Output all of the lines below exactly, and leave out each image.

─── INPUT ───

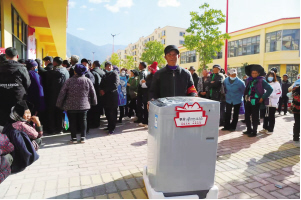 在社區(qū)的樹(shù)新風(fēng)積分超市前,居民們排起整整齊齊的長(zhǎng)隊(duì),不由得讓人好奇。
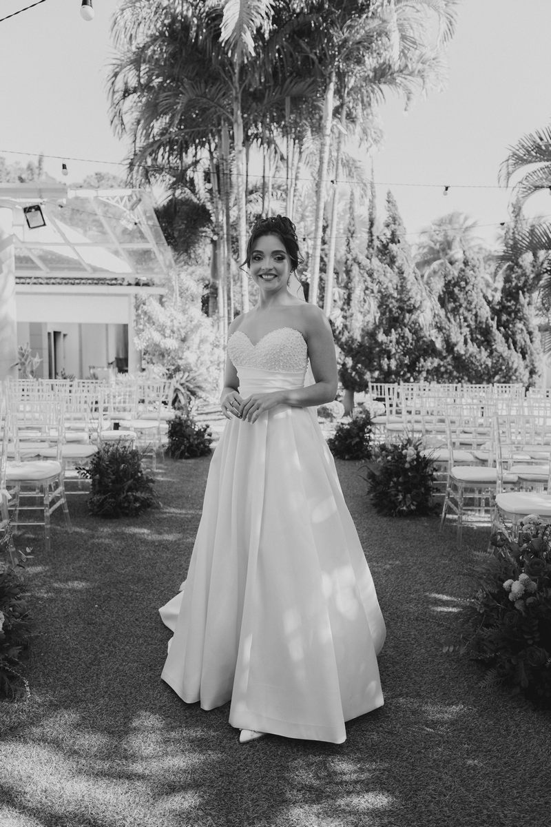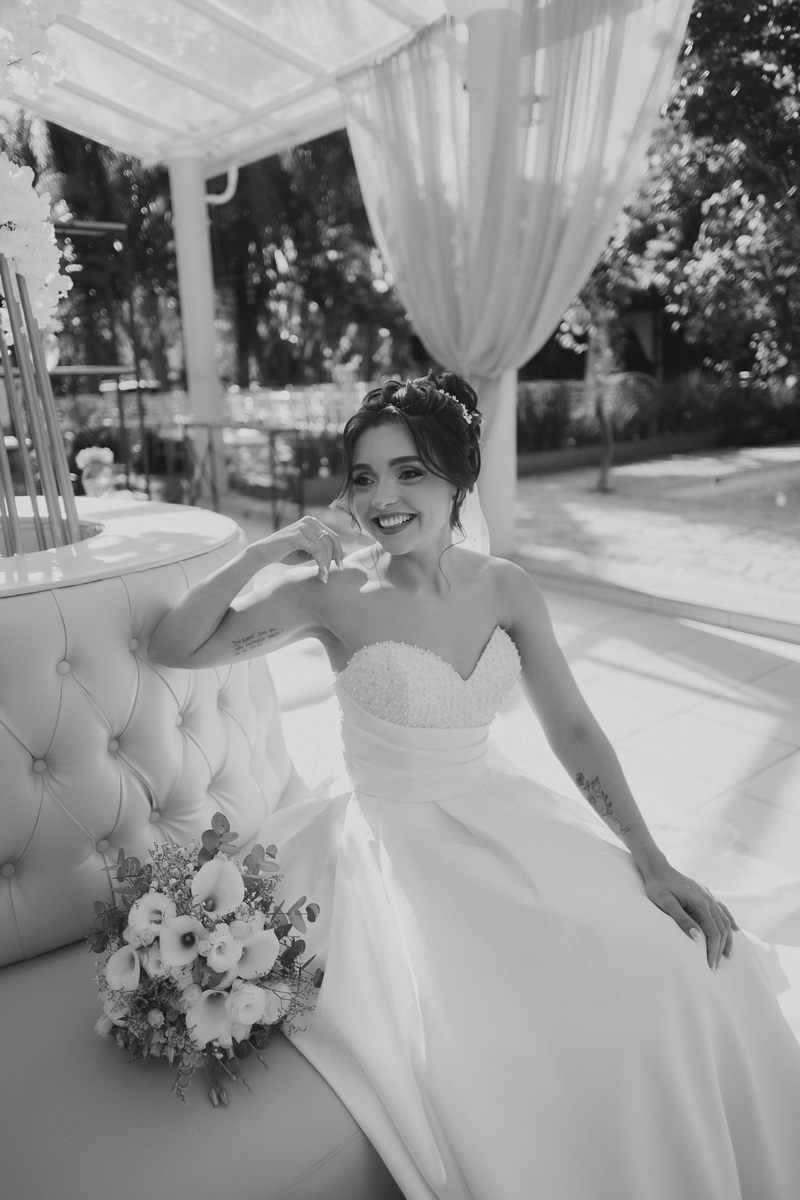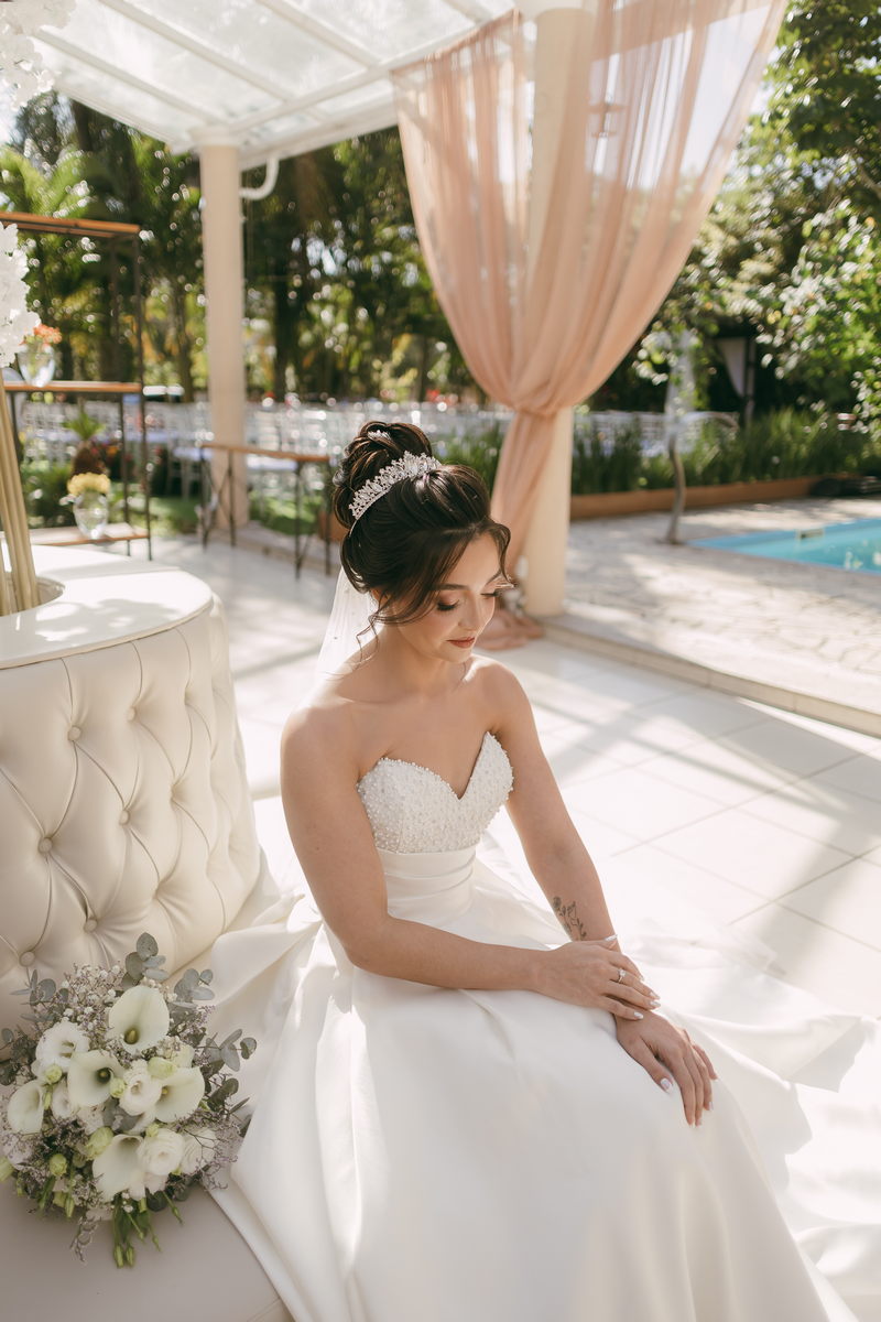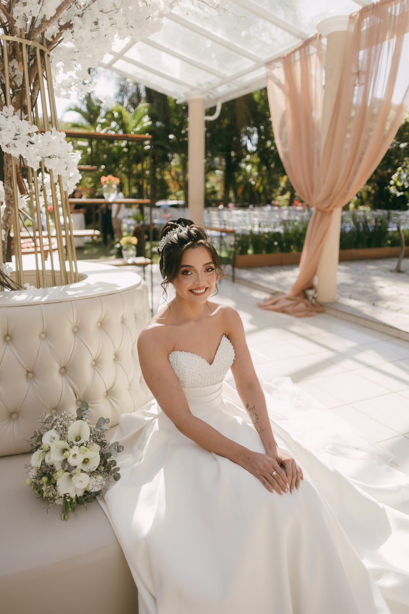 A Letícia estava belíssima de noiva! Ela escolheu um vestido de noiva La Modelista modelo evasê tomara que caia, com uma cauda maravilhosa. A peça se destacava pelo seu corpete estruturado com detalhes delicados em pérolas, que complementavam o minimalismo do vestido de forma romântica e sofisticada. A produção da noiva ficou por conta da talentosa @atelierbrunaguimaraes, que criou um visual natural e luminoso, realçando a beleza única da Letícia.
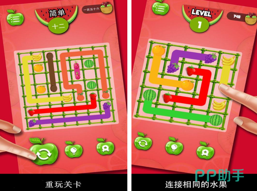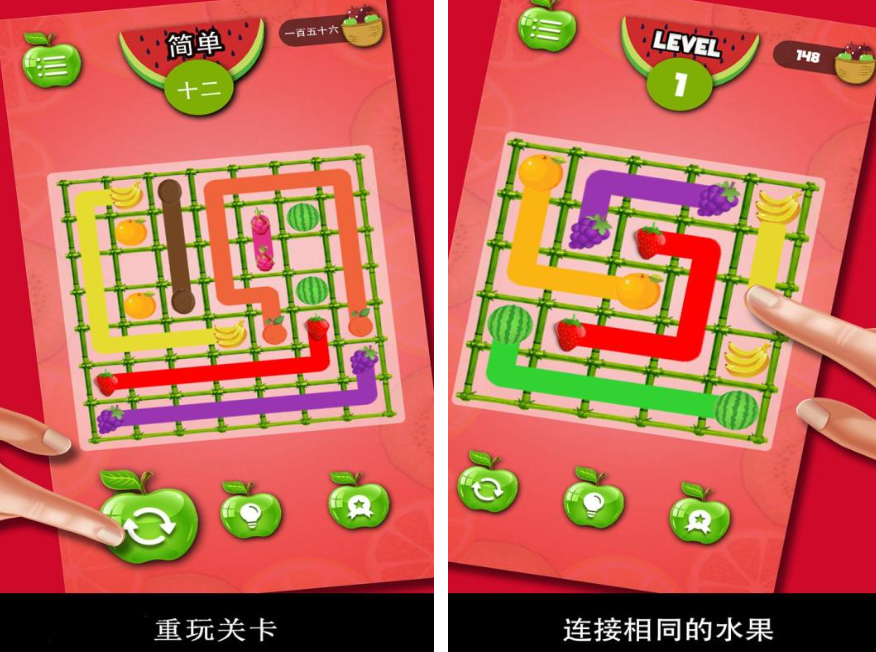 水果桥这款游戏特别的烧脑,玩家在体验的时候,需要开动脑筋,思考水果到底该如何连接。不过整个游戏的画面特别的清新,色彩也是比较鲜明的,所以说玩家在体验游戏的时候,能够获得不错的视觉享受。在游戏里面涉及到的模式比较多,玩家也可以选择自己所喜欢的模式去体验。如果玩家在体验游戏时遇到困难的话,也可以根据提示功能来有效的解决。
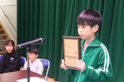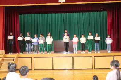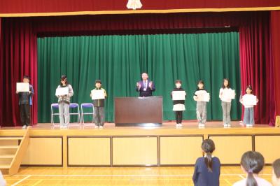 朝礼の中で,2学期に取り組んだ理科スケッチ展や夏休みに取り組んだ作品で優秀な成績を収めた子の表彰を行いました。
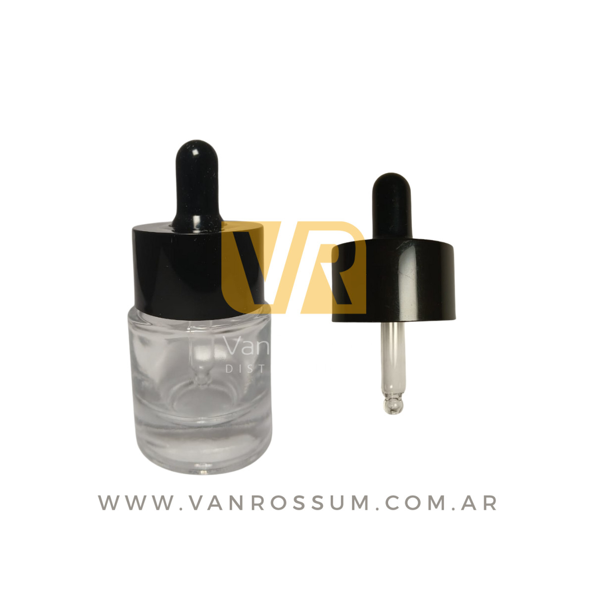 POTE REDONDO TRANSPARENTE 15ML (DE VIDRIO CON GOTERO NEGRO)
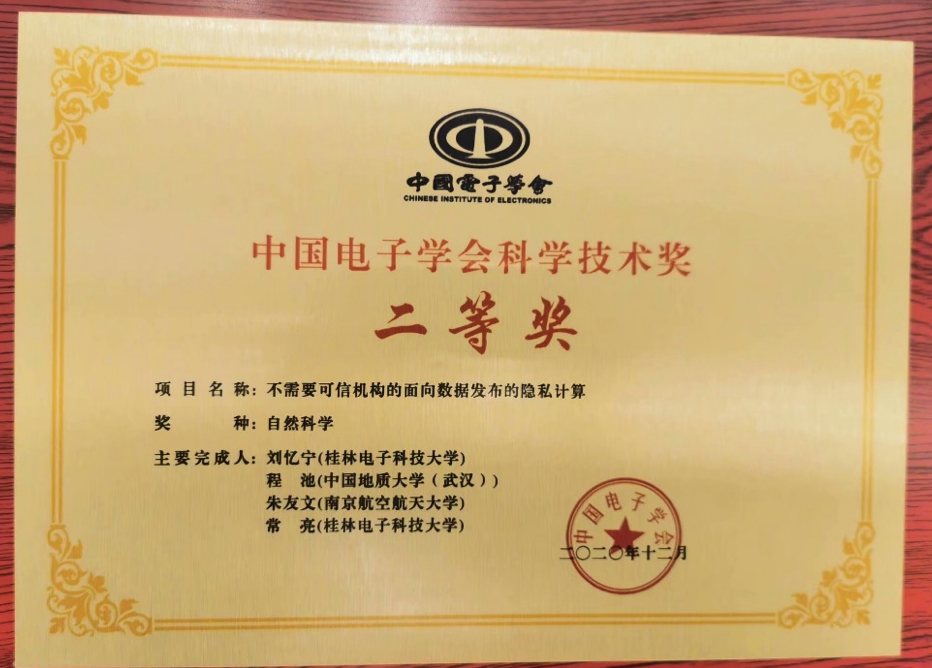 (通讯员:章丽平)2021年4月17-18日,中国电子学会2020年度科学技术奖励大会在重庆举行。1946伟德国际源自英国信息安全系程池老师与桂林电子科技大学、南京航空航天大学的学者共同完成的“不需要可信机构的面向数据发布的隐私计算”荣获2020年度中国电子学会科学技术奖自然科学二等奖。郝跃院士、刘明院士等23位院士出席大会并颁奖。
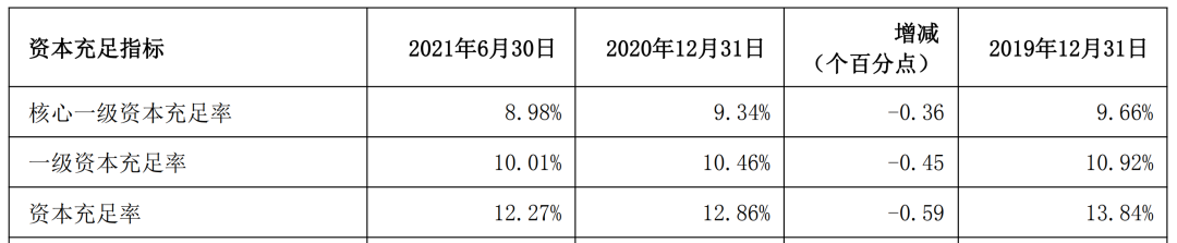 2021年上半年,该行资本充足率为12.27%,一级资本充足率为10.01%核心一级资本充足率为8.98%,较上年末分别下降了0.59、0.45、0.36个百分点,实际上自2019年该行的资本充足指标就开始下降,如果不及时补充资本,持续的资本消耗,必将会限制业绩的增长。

───

WRITTEN ANSWER.
 在社區(qū)的樹(shù)新風(fēng)積分超市前,居民們排起整整齊齊的長(zhǎng)隊(duì),不由得讓人好奇。
 A Letícia estava belíssima de noiva! Ela escolheu um vestido de noiva La Modelista modelo evasê tomara que caia, com uma cauda maravilhosa. A peça se destacava pelo seu corpete estruturado com detalhes delicados em pérolas, que complementavam o minimalismo do vestido de forma romântica e sofisticada. A produção da noiva ficou por conta da talentosa @atelierbrunaguimaraes, que criou um visual natural e luminoso, realçando a beleza única da Letícia.
 水果桥这款游戏特别的烧脑,玩家在体验的时候,需要开动脑筋,思考水果到底该如何连接。不过整个游戏的画面特别的清新,色彩也是比较鲜明的,所以说玩家在体验游戏的时候,能够获得不错的视觉享受。在游戏里面涉及到的模式比较多,玩家也可以选择自己所喜欢的模式去体验。如果玩家在体验游戏时遇到困难的话,也可以根据提示功能来有效的解决。
 朝礼の中で,2学期に取り組んだ理科スケッチ展や夏休みに取り組んだ作品で優秀な成績を収めた子の表彰を行いました。
 POTE REDONDO TRANSPARENTE 15ML (DE VIDRIO CON GOTERO NEGRO)
 (通讯员:章丽平)2021年4月17-18日,中国电子学会2020年度科学技术奖励大会在重庆举行。1946伟德国际源自英国信息安全系程池老师与桂林电子科技大学、南京航空航天大学的学者共同完成的“不需要可信机构的面向数据发布的隐私计算”荣获2020年度中国电子学会科学技术奖自然科学二等奖。郝跃院士、刘明院士等23位院士出席大会并颁奖。
 2021年上半年,该行资本充足率为12.27%,一级资本充足率为10.01%核心一级资本充足率为8.98%,较上年末分别下降了0.59、0.45、0.36个百分点,实际上自2019年该行的资本充足指标就开始下降,如果不及时补充资本,持续的资本消耗,必将会限制业绩的增长。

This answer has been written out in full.